GIVEN RECORDS below:

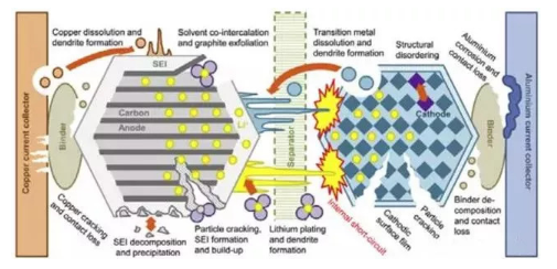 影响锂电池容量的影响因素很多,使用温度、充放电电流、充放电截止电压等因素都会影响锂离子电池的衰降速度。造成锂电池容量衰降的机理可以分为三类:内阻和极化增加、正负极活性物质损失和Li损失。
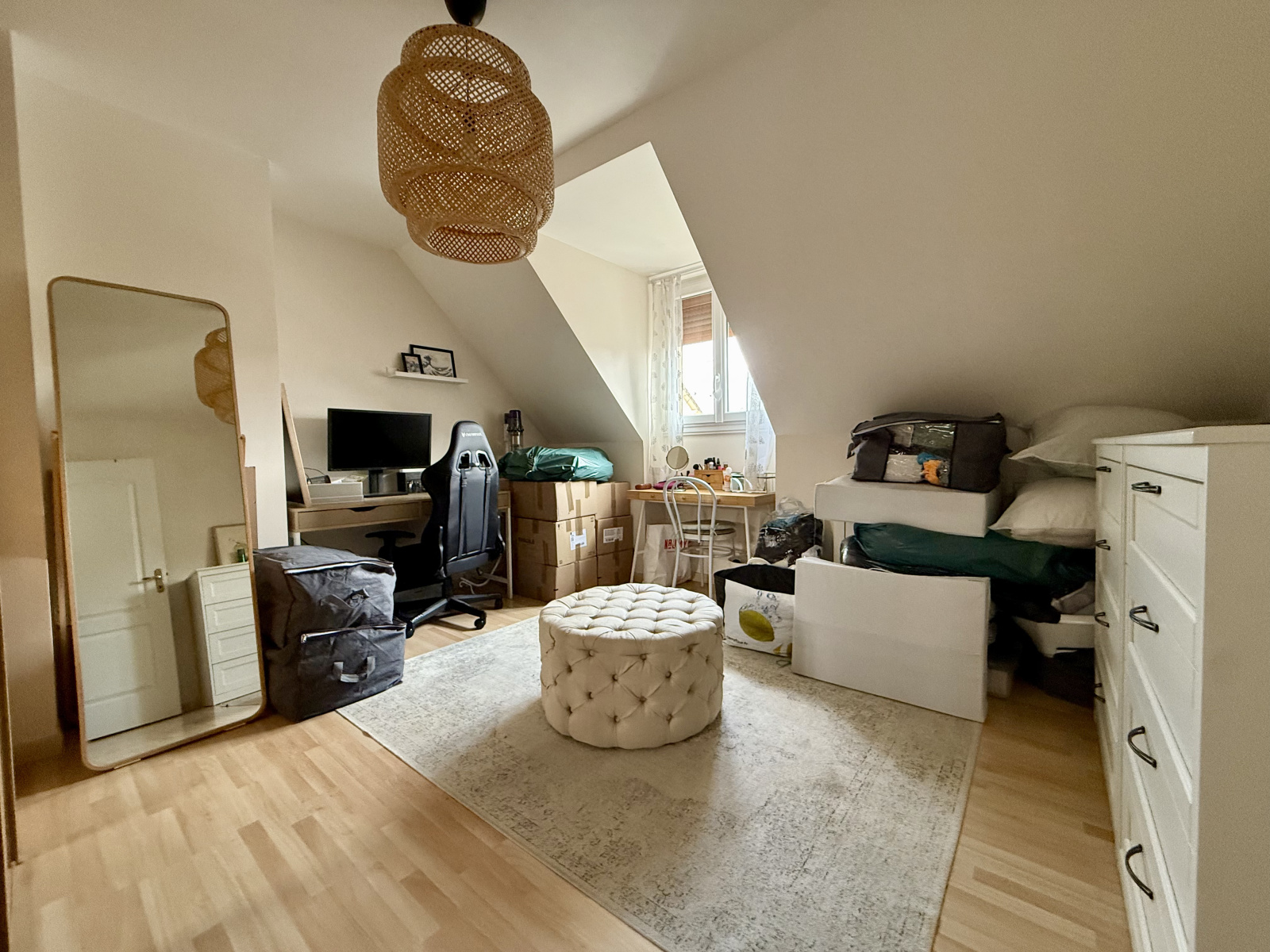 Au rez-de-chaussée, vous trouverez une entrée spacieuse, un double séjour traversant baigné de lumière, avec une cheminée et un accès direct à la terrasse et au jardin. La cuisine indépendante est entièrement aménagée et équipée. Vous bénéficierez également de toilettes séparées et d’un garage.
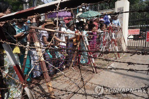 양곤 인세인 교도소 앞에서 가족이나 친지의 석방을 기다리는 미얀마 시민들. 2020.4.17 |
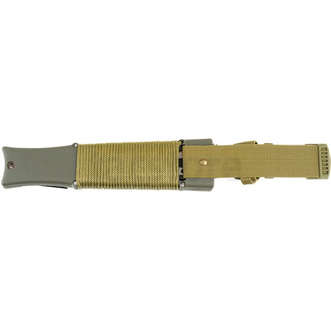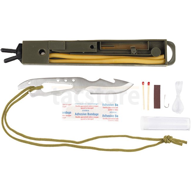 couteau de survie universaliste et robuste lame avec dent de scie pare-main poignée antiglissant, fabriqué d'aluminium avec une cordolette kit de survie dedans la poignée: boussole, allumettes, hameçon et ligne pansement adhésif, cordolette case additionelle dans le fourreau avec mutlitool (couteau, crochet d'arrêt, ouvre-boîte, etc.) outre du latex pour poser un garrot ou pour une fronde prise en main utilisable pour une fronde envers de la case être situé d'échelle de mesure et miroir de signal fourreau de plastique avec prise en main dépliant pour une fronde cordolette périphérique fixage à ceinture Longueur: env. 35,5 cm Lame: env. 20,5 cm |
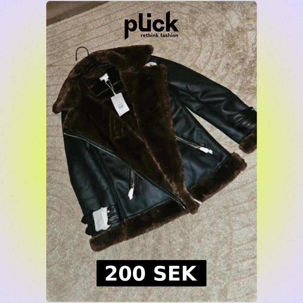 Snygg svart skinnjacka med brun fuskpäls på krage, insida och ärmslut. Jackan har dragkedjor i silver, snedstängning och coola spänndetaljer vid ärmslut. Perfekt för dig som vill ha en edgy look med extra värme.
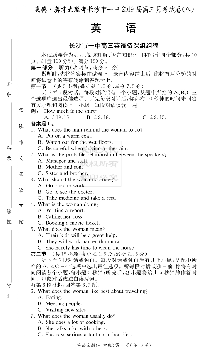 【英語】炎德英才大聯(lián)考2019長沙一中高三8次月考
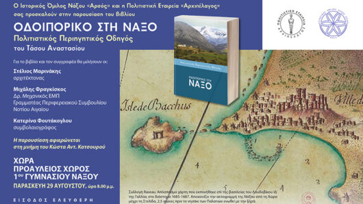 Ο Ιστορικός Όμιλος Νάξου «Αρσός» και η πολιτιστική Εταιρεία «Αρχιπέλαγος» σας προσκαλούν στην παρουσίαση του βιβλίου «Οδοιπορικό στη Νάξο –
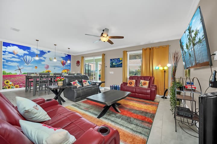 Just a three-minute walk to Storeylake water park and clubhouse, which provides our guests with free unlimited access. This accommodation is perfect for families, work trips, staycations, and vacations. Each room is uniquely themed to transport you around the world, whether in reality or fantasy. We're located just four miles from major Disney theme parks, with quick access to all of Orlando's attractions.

End of GIVEN RECORDS.

### YOUR TASK
Exclude the pictures and repeat the entries word for word.

### TASK RESULT
 影响锂电池容量的影响因素很多,使用温度、充放电电流、充放电截止电压等因素都会影响锂离子电池的衰降速度。造成锂电池容量衰降的机理可以分为三类:内阻和极化增加、正负极活性物质损失和Li损失。
 Au rez-de-chaussée, vous trouverez une entrée spacieuse, un double séjour traversant baigné de lumière, avec une cheminée et un accès direct à la terrasse et au jardin. La cuisine indépendante est entièrement aménagée et équipée. Vous bénéficierez également de toilettes séparées et d’un garage.
 양곤 인세인 교도소 앞에서 가족이나 친지의 석방을 기다리는 미얀마 시민들. 2020.4.17 |
 couteau de survie universaliste et robuste lame avec dent de scie pare-main poignée antiglissant, fabriqué d'aluminium avec une cordolette kit de survie dedans la poignée: boussole, allumettes, hameçon et ligne pansement adhésif, cordolette case additionelle dans le fourreau avec mutlitool (couteau, crochet d'arrêt, ouvre-boîte, etc.) outre du latex pour poser un garrot ou pour une fronde prise en main utilisable pour une fronde envers de la case être situé d'échelle de mesure et miroir de signal fourreau de plastique avec prise en main dépliant pour une fronde cordolette périphérique fixage à ceinture Longueur: env. 35,5 cm Lame: env. 20,5 cm |
 Snygg svart skinnjacka med brun fuskpäls på krage, insida och ärmslut. Jackan har dragkedjor i silver, snedstängning och coola spänndetaljer vid ärmslut. Perfekt för dig som vill ha en edgy look med extra värme.
 【英語】炎德英才大聯(lián)考2019長沙一中高三8次月考
 Ο Ιστορικός Όμιλος Νάξου «Αρσός» και η πολιτιστική Εταιρεία «Αρχιπέλαγος» σας προσκαλούν στην παρουσίαση του βιβλίου «Οδοιπορικό στη Νάξο –
 Just a three-minute walk to Storeylake water park and clubhouse, which provides our guests with free unlimited access. This accommodation is perfect for families, work trips, staycations, and vacations. Each room is uniquely themed to transport you around the world, whether in reality or fantasy. We're located just four miles from major Disney theme parks, with quick access to all of Orlando's attractions.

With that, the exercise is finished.